Only the lines from the one with "- 燃料が古いとエンジンがかかりにくくなる" through the last line of the material below belong in the answer, copied exactly and without pictures.

Data block
>>>>

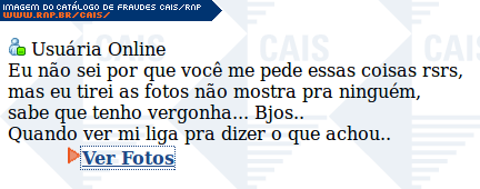 | comentário | Mensagem de suposta conhecida enviando fotos ítimas que teriam sido feitas "especialmente" para a vítima. A fraude contém um link para a visualização das fotos, esse link leva ao download de um malware identificado como Gen:Trojan.Heur.VP.ou1aaacZaZK (BitDefender).... (leia mais) | |
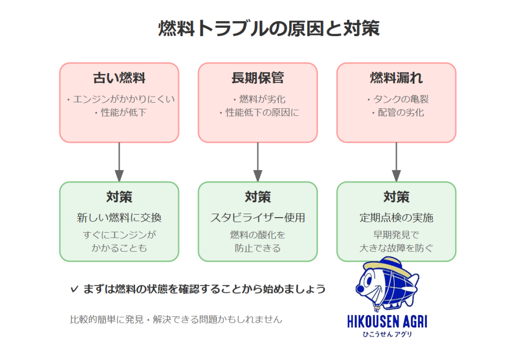 - 燃料が古いとエンジンがかかりにくくなる
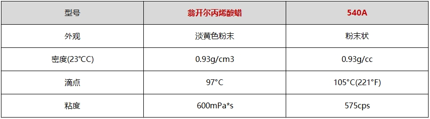 翁開爾丙烯酸蠟與540A技術(shù)參數(shù)對比

<<<<

Written solution
 - 燃料が古いとエンジンがかかりにくくなる
 翁開爾丙烯酸蠟與540A技術(shù)參數(shù)對比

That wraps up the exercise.